Problem details >>
Character for character, transcribe the entries below, minus the images.
====== Information given
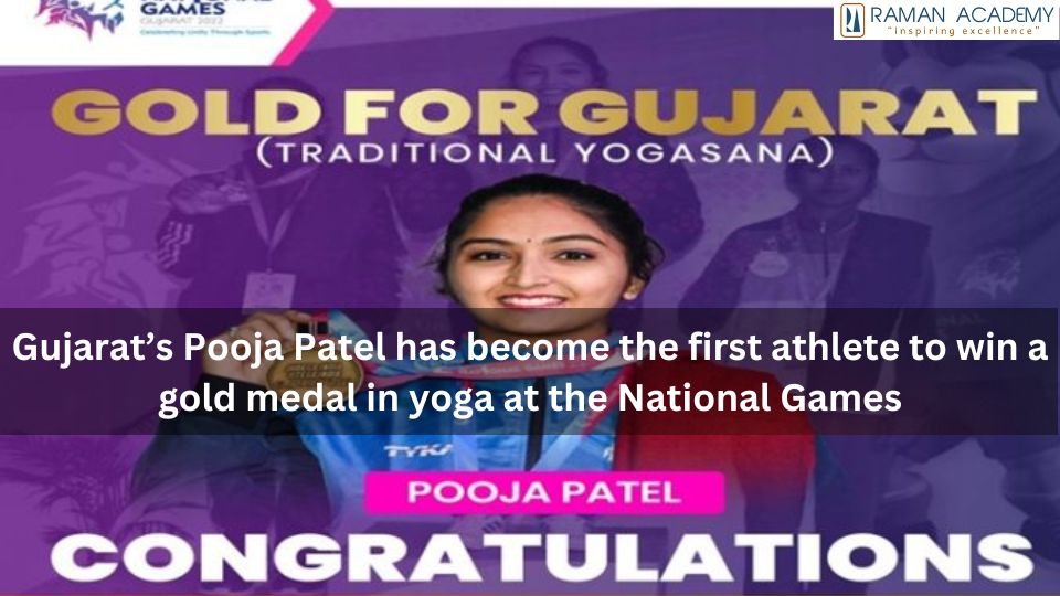 • Gujarat’s Pooja Patel has created history at the National Games 2022 as she became the first athlete to win a gold medal in Yoga at the National Games. Yogasana is being organized for the first time at the National Games.
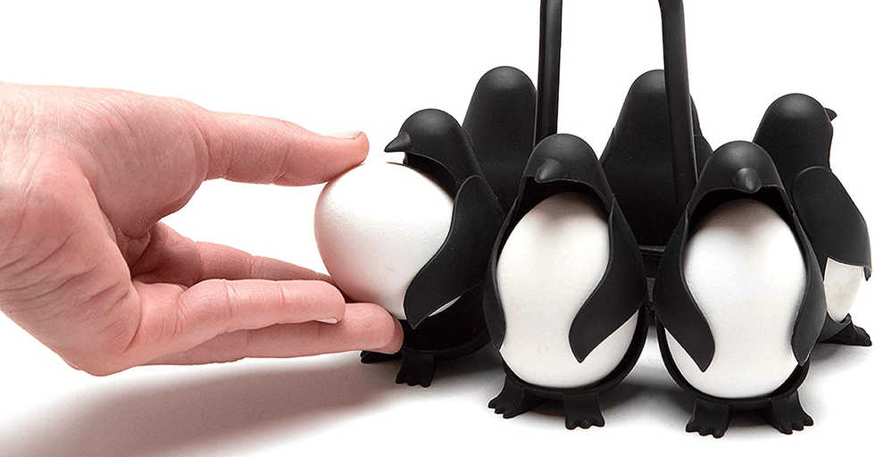 Hardboiled eggs are arguably the best snack - they're portable, tasty and full of satiating protein. But cooking them can kind of be a pain, especially if they bump into each other and crack in the rapidly boiling water. Solution: this penguin egg cooker that holds six eggs in soft silicone to protect them while they're cooking, and stores them neatly in the fridge when they're done! Simply load the penguin "bellies" with eggs and the work's basically done for you. Genius and adorable!
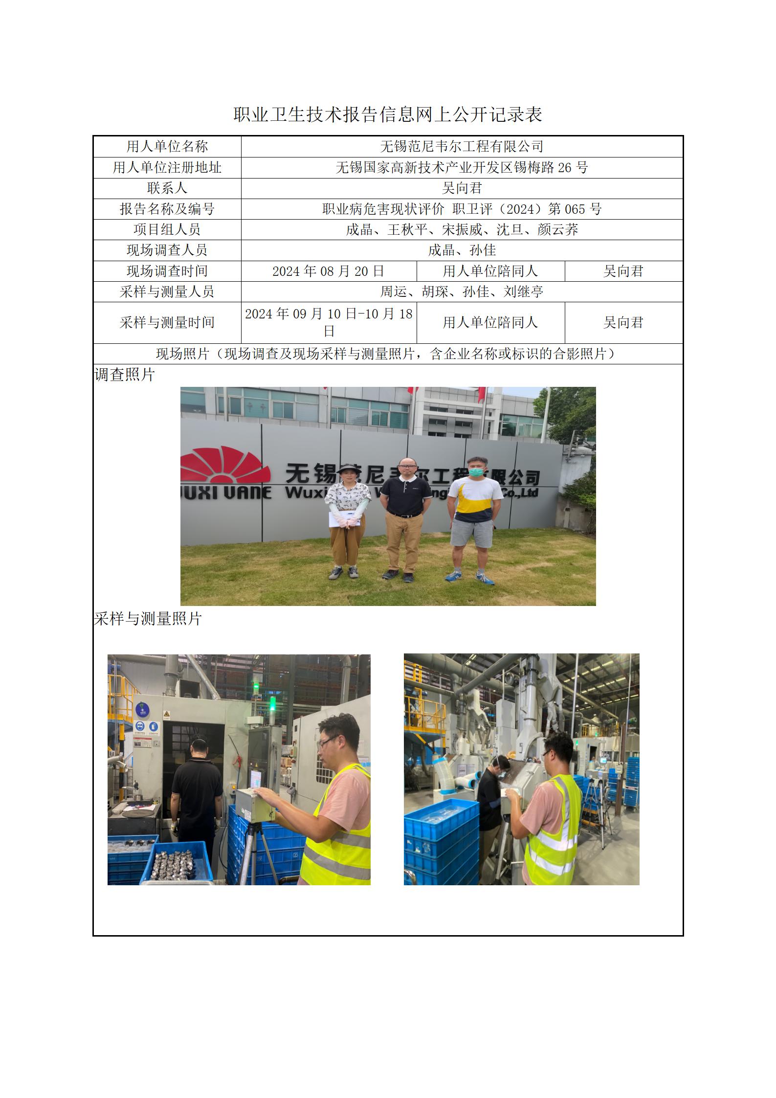 【职业病危害现状评价报告】无锡范尼韦尔工程有限公司
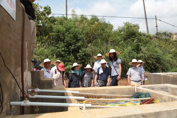 课题负责人刘晓端研究员介绍了项目进程及今后工作设想后,与会领导、专家到修复中试工程现场进行参观。黄园英博士向大家介绍了工程的技术流程和效果,通过五级处理,污浊的废水变为如矿泉水般清澈,重金属含量及各项水质指标达到国家地表水环境质量标准和农田灌溉水质标准。
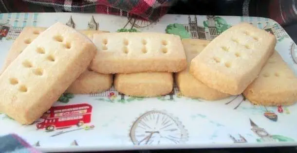Para 24 galletas. 250 gr de harina (2 cups). 75 gr de azúcar (1/2 cup). 225 de mantequilla (1/2 pound) a temperatura ambiente. Un pellizquito de sal si utilizáis mantequilla sin sal. Azúcar granulada para espolvorear (opcional). Las originales no la llevan pero yo le puse a la mitad que a cada uno le gustan de una forma.
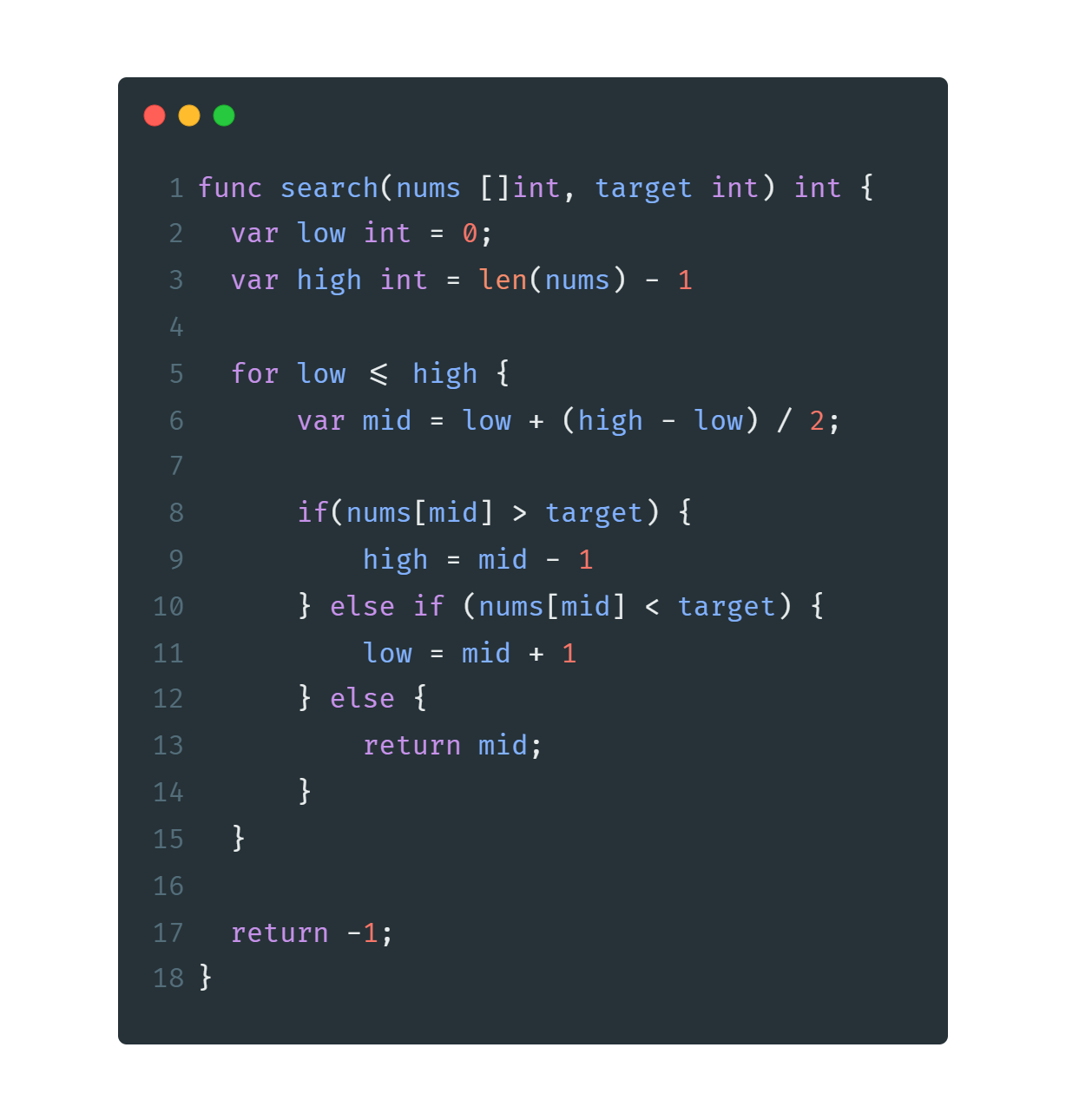 Algorithm that find a specific value in a sorted array. In Big O notation, the time complexity is O(log n).
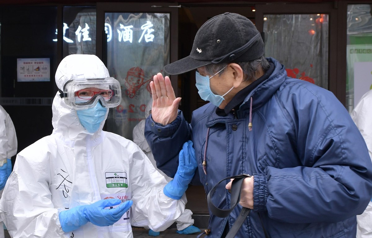 Bệnh nhân nhiễm COVID-19 tạm biệt bác sĩ sau khi được chữa khỏi tại bệnh viện ở Vũ Hán, tỉnh Hồ Bắc, Trung Quốc, ngày 10/3/2020. (Ảnh: THX/TTXVN)
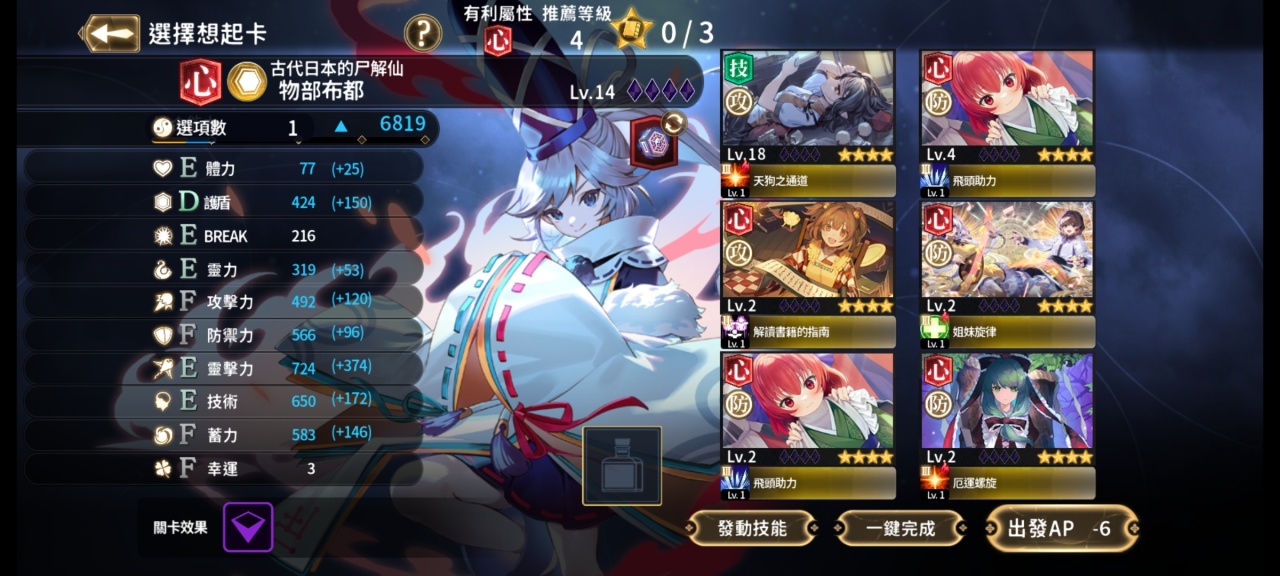 每個角色最多可攜帶6張【想起卡】:每張【想起卡】都對應不同的東方角色,附帶各自的屬性強化以及主動或被動技能。
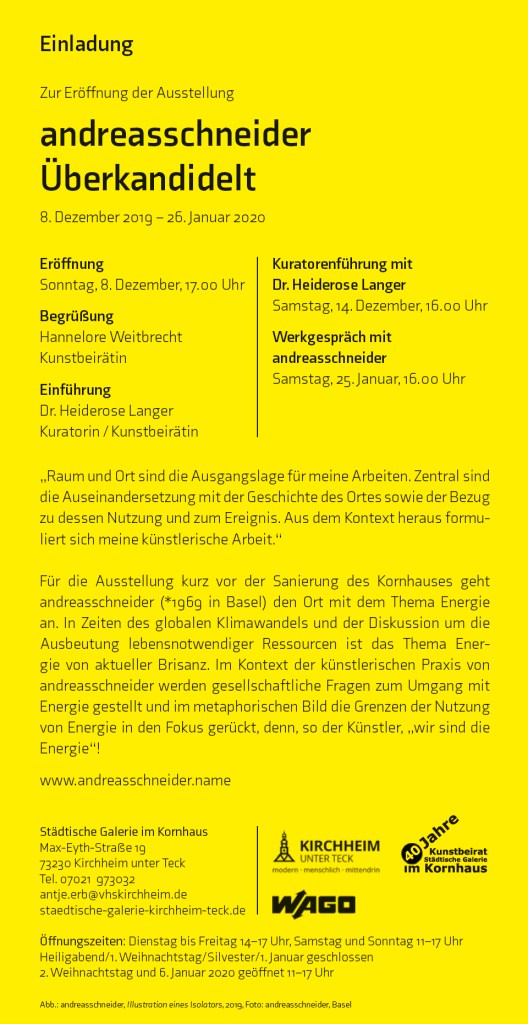 Das Herbstprogramm 2019 beginnt mit einer Diskussionsveranstaltung am Samstag, 21. September 2019 zum 40jährigen Bestehen der Städtischen Galerie im Kornhaus und des Kunstbeirates. Ende Oktober folgt die Ausstellung mit LINIENSCHAREN, einer offenen Plattform von Künstler*innen, die sich zeichnerisch mit der Linie auf der Fläche und im Raum befassen. Das Ausstellungsjahr 2019 wird mit einer Installation aus Leuchtstoffröhren und zwei mannshohen, aus Holz gedrechselten Isolatoren des Basler Künstlers andreasschneider abgerundet, der das Thema Energie aus unterschiedlichen Perspektiven beleuchtet.
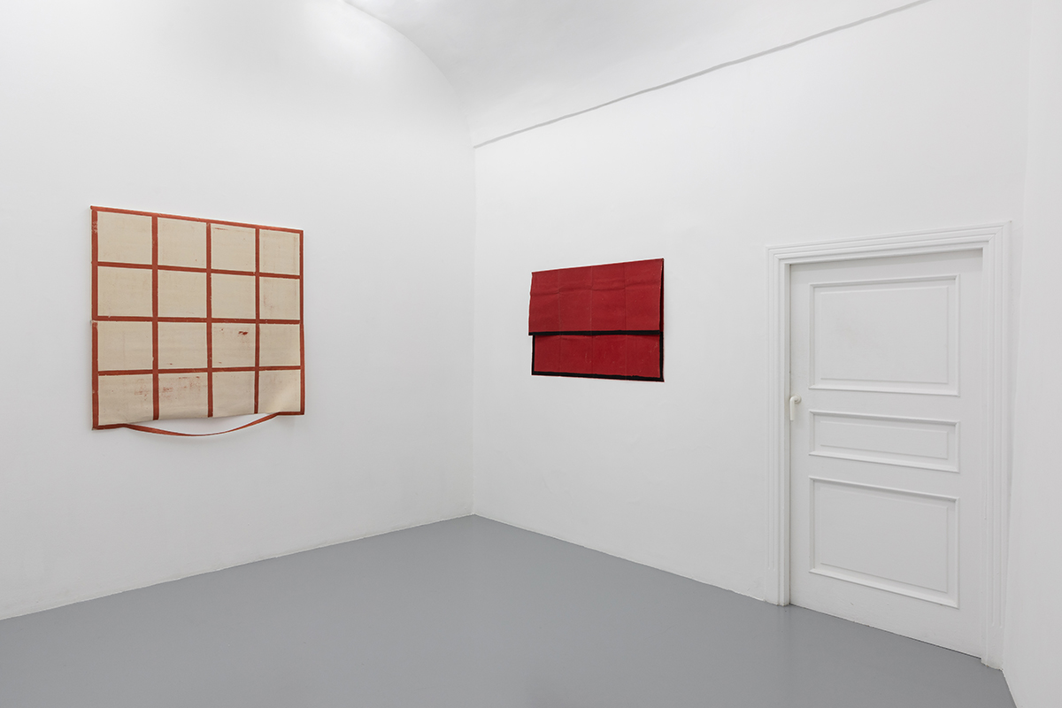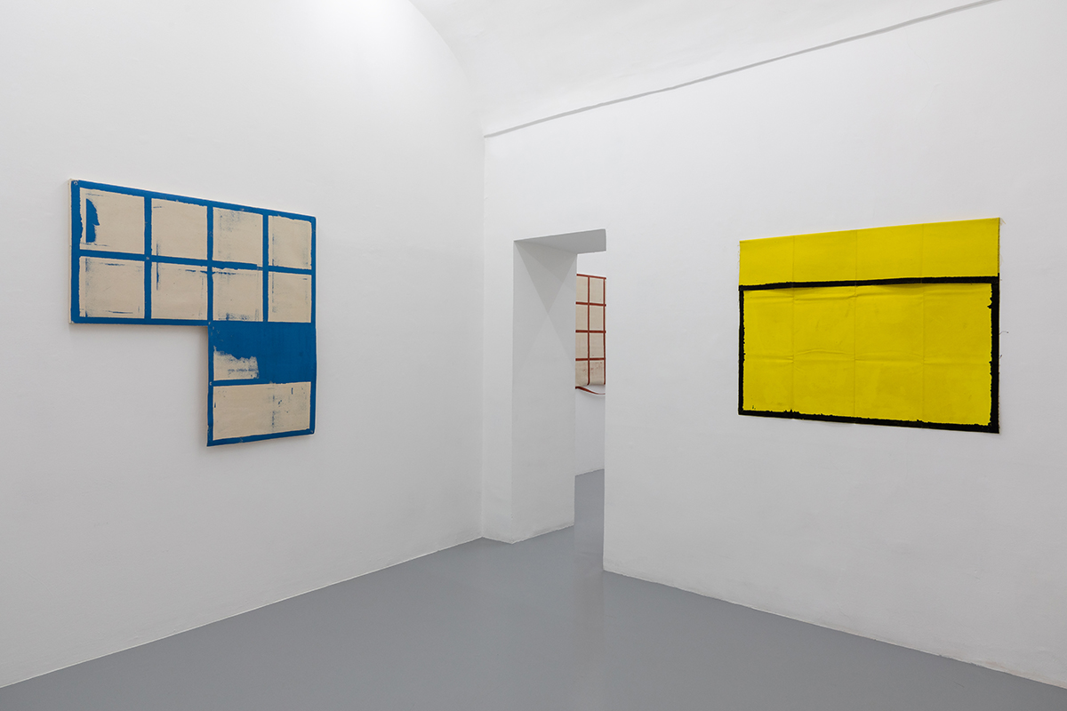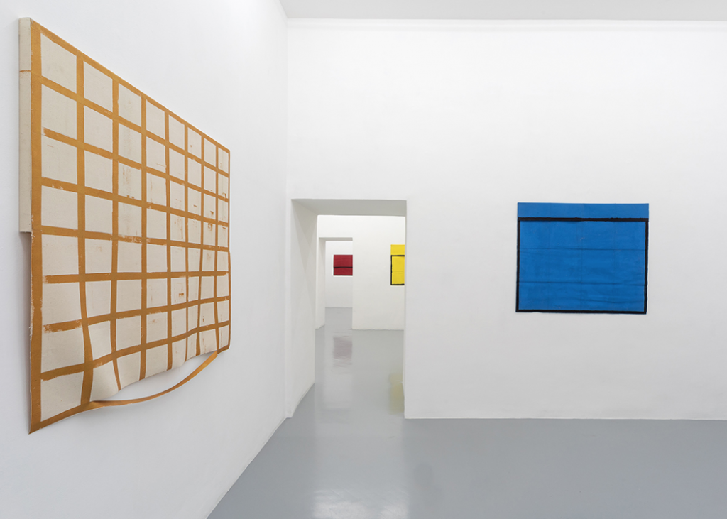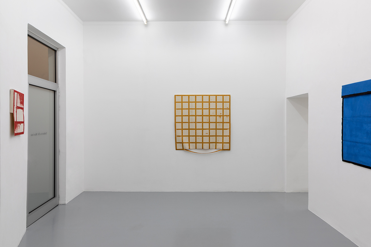 L’astrazione geometrica ha sempre qualcosa di nuovo da dire: lo sa bene l’artista Eugenio Espinoza che fa ritorno alla Galleria Umberto Di Marino di Napoli con la sua seconda personale “Tre stanze, tre mesi”, dopo “Unlocking Something”, del 2017. È lampante l’intento dell’artista venezuelano di lavorare appositamente per lo spazio di via Alabardieri – come si evince dal titolo – ma anche di superare le sue note griglie in bianco e nero, introducendo il colore e superando i limiti delle geometrie auto-imposte. Dunque, l’intenzione di Espinoza è principalmente quella di fare ordine: ordine spaziale, sociale, esistenziale. Ma è anche quella di andare oltre il concetto di ordine precostituito, di disfarlo e ricomporlo, di adattarlo ai cambiamenti tanto del mondo esterno che del proprio sentire. È questo il caso dell’olio su tela About a new system (2020), che si colloca proprio in apertura, nella prima delle tre stanze, e che manifesta la volontà di “rompere gli schemi” attraverso una letterale lacerazione della tela, suddivisa, in rosso su bianco, in una griglia di dodici quadranti.
============
Solution to this exercise >>
 • Gujarat’s Pooja Patel has created history at the National Games 2022 as she became the first athlete to win a gold medal in Yoga at the National Games. Yogasana is being organized for the first time at the National Games.
 Hardboiled eggs are arguably the best snack - they're portable, tasty and full of satiating protein. But cooking them can kind of be a pain, especially if they bump into each other and crack in the rapidly boiling water. Solution: this penguin egg cooker that holds six eggs in soft silicone to protect them while they're cooking, and stores them neatly in the fridge when they're done! Simply load the penguin "bellies" with eggs and the work's basically done for you. Genius and adorable!
 【职业病危害现状评价报告】无锡范尼韦尔工程有限公司
 课题负责人刘晓端研究员介绍了项目进程及今后工作设想后,与会领导、专家到修复中试工程现场进行参观。黄园英博士向大家介绍了工程的技术流程和效果,通过五级处理,污浊的废水变为如矿泉水般清澈,重金属含量及各项水质指标达到国家地表水环境质量标准和农田灌溉水质标准。
Para 24 galletas. 250 gr de harina (2 cups). 75 gr de azúcar (1/2 cup). 225 de mantequilla (1/2 pound) a temperatura ambiente. Un pellizquito de sal si utilizáis mantequilla sin sal. Azúcar granulada para espolvorear (opcional). Las originales no la llevan pero yo le puse a la mitad que a cada uno le gustan de una forma.
 Algorithm that find a specific value in a sorted array. In Big O notation, the time complexity is O(log n).
 Bệnh nhân nhiễm COVID-19 tạm biệt bác sĩ sau khi được chữa khỏi tại bệnh viện ở Vũ Hán, tỉnh Hồ Bắc, Trung Quốc, ngày 10/3/2020. (Ảnh: THX/TTXVN)
 每個角色最多可攜帶6張【想起卡】:每張【想起卡】都對應不同的東方角色,附帶各自的屬性強化以及主動或被動技能。
 Das Herbstprogramm 2019 beginnt mit einer Diskussionsveranstaltung am Samstag, 21. September 2019 zum 40jährigen Bestehen der Städtischen Galerie im Kornhaus und des Kunstbeirates. Ende Oktober folgt die Ausstellung mit LINIENSCHAREN, einer offenen Plattform von Künstler*innen, die sich zeichnerisch mit der Linie auf der Fläche und im Raum befassen. Das Ausstellungsjahr 2019 wird mit einer Installation aus Leuchtstoffröhren und zwei mannshohen, aus Holz gedrechselten Isolatoren des Basler Künstlers andreasschneider abgerundet, der das Thema Energie aus unterschiedlichen Perspektiven beleuchtet.
 L’astrazione geometrica ha sempre qualcosa di nuovo da dire: lo sa bene l’artista Eugenio Espinoza che fa ritorno alla Galleria Umberto Di Marino di Napoli con la sua seconda personale “Tre stanze, tre mesi”, dopo “Unlocking Something”, del 2017. È lampante l’intento dell’artista venezuelano di lavorare appositamente per lo spazio di via Alabardieri – come si evince dal titolo – ma anche di superare le sue note griglie in bianco e nero, introducendo il colore e superando i limiti delle geometrie auto-imposte. Dunque, l’intenzione di Espinoza è principalmente quella di fare ordine: ordine spaziale, sociale, esistenziale. Ma è anche quella di andare oltre il concetto di ordine precostituito, di disfarlo e ricomporlo, di adattarlo ai cambiamenti tanto del mondo esterno che del proprio sentire. È questo il caso dell’olio su tela About a new system (2020), che si colloca proprio in apertura, nella prima delle tre stanze, e che manifesta la volontà di “rompere gli schemi” attraverso una letterale lacerazione della tela, suddivisa, in rosso su bianco, in una griglia di dodici quadranti.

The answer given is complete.